Armed with her expertise, Thinlas tried to find work as a guide with some of the local trekking companies but was rejected because of her gender. In 2004, she joined SECMOL’s travel agency, ‘Around Ladakh with Students’. Though there were women working in that group, their job was restricted to being guides for monastery and cultural tours.

How LWTC came about

The fact that there was little opportunity for women in the Ladakhi trekking industry was the key motivating factor behind LWTC. The idea also came about as an opportunity for assisting lone women trekkers, who would be uncomfortable with male guides. “This along with helping women get started in the trekking industry was enough of a motivation for me to start the company,” says Thinlas.

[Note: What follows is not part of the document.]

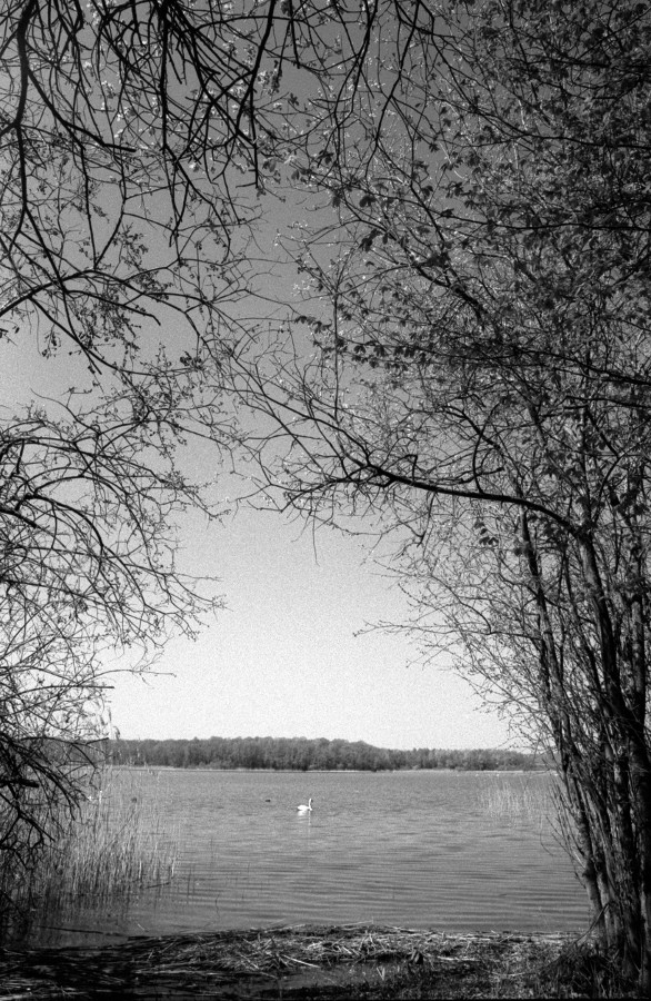 See entlang, immer zwischen Schilfgürtel und Wald, bis man schliesslich
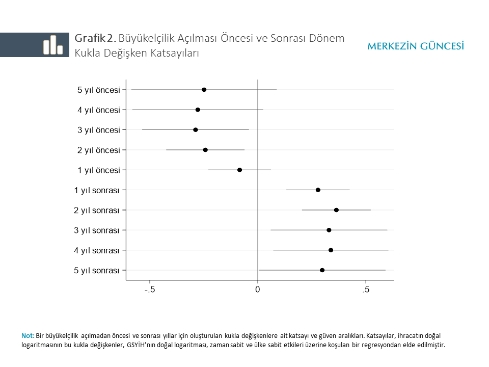 Bununla birlikte, panel veri analizinde dahi, yeni büyükelçilikler ekonomik büyüme eğiliminin güçlü olduğu ya da ihracat eğiliminin zaten pozitif olduğu ülkelerde açılmışsa, bulunan etkinin yansızlığını iddia etmek mümkün olmaz. Ters nedensellik ilişkisi olarak adlandırılan bu sorunun var olup olmadığını teşhis etmek amacıyla basit bir regresyon testi yaptık. Büyükelçilik açılmasından öncesi ve sonrasındaki 5’er yıllık dönemdeki her bir yıl için kukla değişken oluşturarak bunların ihracatın doğal logaritması üzerine etkisini regresyon denklemi ile tahmin ettik. Bu testten elde edilen kukla değişkenlerin katsayı ve güven aralıkları Grafik 2'de görülebilir. Katsayıların, büyükelçilik açılmasından önce pozitif bir eğilime sahip olmaması, ters nedensellik ilişkisinin olmadığını öneriyor.

They started with a staff of just a handful – Thinlas, an office manager, two other guides, and a few porters. Now LWTC boasts of over 20 employees. “I started LWTC to create a different model. I didn’t know we would be this successful so soon,” says Thinlas.

Says a visibly proud entrepreneur on her successful venture:

Today I feel responsible for many of the young women working at LWTC. Some of them joined us many years back, when our success was not at all guaranteed. I really appreciate that.

Gender inequality

The gender inequality in the profession continues to bother Thinlas: “We are just one agency whereas there are several hundred that are male-owned. Outside of LWTC, there are still few female trekking

In her early years as a professional guide, Thinlas worked as a freelancer, and when out on the trek she would run into Ladakhi women who wanted to accompany her to learn the basics of being guides. She being a freelancer then could not take them along. But she realised that a demand existed for women guides.

So she decided to get into the business of trekking. “Before starting LWTC, I had already worked in the industry for several years, and knew it inside out. The rest was just a matter of connecting the dots. For the launch the company, I needed little money. I had some saving and the rest I borrowed from family, which was not a lot,” says Thinlas.

Homestays

In Ladakh, homestays are mostly managed by women, as the men in the family are away in the cities to earn money. LWTC takes guests from other countries to remote villages, where the local women are exposed to new cultures and people, and also get to earn some money.

In 2014, Thinlas co-founded the ‘Ladakhi Women’s Welfare Network’ and was its first president. This was a forum to ensure the welfare of women.

Thinlas association with Leh goes back to her higher secondary education days. “I have spent more time in Leh than in my village, because I run the company in this city. Given a chance, I would want to be in Takmachik as I still belong to my father’s home there,” says Thinlas on a nostalgic note.